## Prompt
Would you reproduce exactly the lines below from the one holding "Táto 6-v-1 detská" through the one holding "为弘扬刘浩然同学见义勇为的精", inclusive, and no others?

## Data shown
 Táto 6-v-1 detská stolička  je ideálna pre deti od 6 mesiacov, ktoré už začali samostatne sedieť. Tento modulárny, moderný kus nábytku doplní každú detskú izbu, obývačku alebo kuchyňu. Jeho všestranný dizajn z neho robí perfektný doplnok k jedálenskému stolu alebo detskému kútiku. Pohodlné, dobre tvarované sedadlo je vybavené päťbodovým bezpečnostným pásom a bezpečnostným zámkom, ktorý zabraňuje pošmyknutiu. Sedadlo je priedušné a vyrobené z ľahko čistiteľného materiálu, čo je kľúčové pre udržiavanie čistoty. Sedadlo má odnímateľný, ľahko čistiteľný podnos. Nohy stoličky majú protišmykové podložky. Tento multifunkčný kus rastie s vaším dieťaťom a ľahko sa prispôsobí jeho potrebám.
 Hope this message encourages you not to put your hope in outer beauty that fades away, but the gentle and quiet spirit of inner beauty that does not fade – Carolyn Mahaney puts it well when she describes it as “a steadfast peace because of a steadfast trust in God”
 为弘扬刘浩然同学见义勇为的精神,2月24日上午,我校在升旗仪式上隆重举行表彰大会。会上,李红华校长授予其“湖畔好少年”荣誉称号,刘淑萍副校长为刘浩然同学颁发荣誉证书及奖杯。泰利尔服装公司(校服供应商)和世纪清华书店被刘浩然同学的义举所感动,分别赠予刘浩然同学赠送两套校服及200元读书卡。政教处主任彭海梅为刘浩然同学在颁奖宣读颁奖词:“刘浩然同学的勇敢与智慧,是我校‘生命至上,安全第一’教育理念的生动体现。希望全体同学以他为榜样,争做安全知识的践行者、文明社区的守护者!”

--

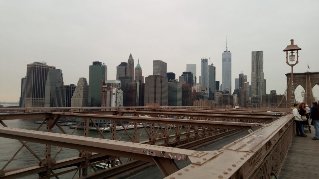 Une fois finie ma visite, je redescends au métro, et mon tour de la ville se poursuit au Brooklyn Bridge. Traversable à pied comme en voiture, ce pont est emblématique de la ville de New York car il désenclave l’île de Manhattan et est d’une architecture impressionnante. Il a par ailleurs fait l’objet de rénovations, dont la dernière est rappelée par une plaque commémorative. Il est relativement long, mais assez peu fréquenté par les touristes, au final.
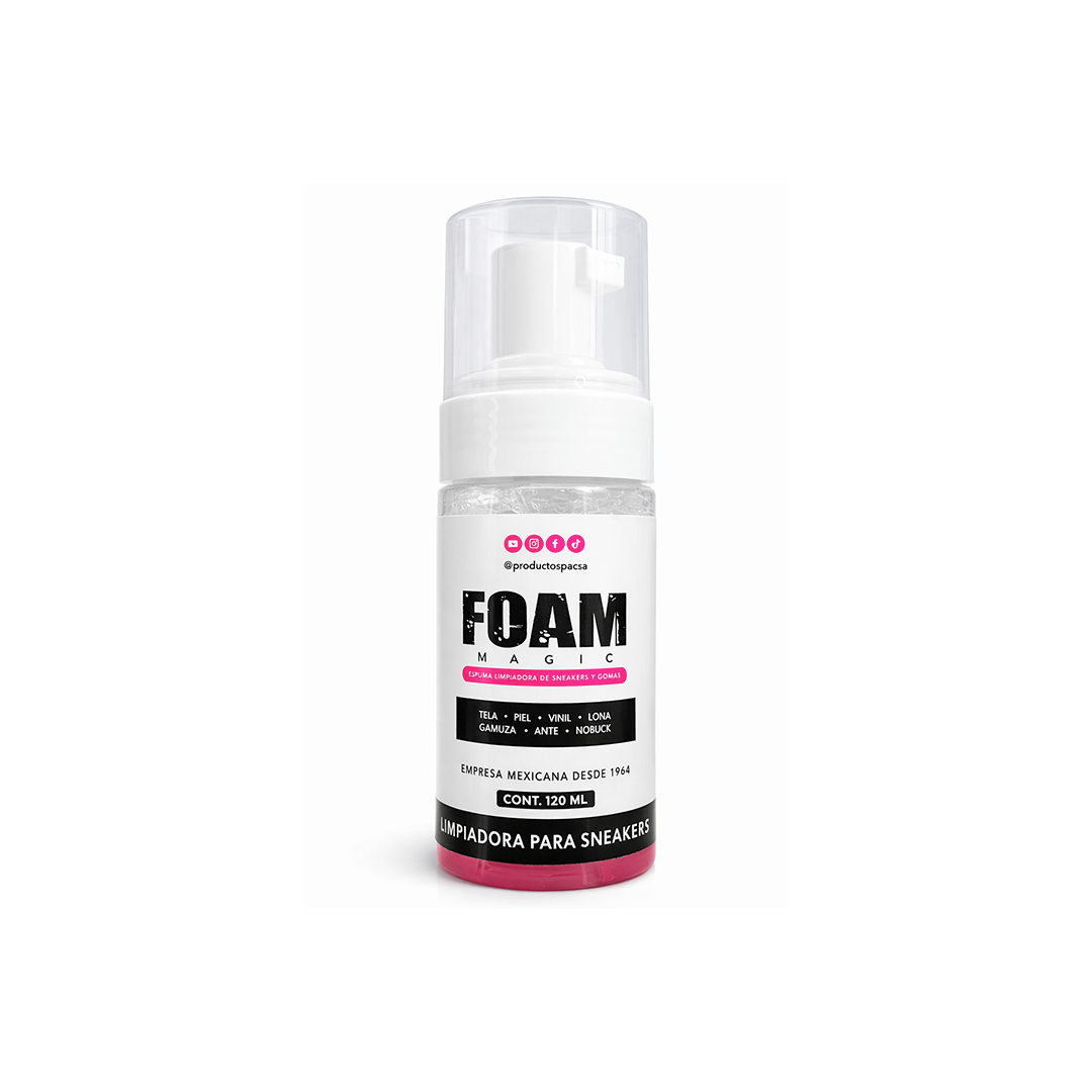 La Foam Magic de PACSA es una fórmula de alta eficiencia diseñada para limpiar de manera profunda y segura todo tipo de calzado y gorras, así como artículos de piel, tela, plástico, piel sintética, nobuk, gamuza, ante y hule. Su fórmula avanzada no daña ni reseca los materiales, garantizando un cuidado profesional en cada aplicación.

## Output
 Táto 6-v-1 detská stolička  je ideálna pre deti od 6 mesiacov, ktoré už začali samostatne sedieť. Tento modulárny, moderný kus nábytku doplní každú detskú izbu, obývačku alebo kuchyňu. Jeho všestranný dizajn z neho robí perfektný doplnok k jedálenskému stolu alebo detskému kútiku. Pohodlné, dobre tvarované sedadlo je vybavené päťbodovým bezpečnostným pásom a bezpečnostným zámkom, ktorý zabraňuje pošmyknutiu. Sedadlo je priedušné a vyrobené z ľahko čistiteľného materiálu, čo je kľúčové pre udržiavanie čistoty. Sedadlo má odnímateľný, ľahko čistiteľný podnos. Nohy stoličky majú protišmykové podložky. Tento multifunkčný kus rastie s vaším dieťaťom a ľahko sa prispôsobí jeho potrebám.
 Hope this message encourages you not to put your hope in outer beauty that fades away, but the gentle and quiet spirit of inner beauty that does not fade – Carolyn Mahaney puts it well when she describes it as “a steadfast peace because of a steadfast trust in God”
 为弘扬刘浩然同学见义勇为的精神,2月24日上午,我校在升旗仪式上隆重举行表彰大会。会上,李红华校长授予其“湖畔好少年”荣誉称号,刘淑萍副校长为刘浩然同学颁发荣誉证书及奖杯。泰利尔服装公司(校服供应商)和世纪清华书店被刘浩然同学的义举所感动,分别赠予刘浩然同学赠送两套校服及200元读书卡。政教处主任彭海梅为刘浩然同学在颁奖宣读颁奖词:“刘浩然同学的勇敢与智慧,是我校‘生命至上,安全第一’教育理念的生动体现。希望全体同学以他为榜样,争做安全知识的践行者、文明社区的守护者!”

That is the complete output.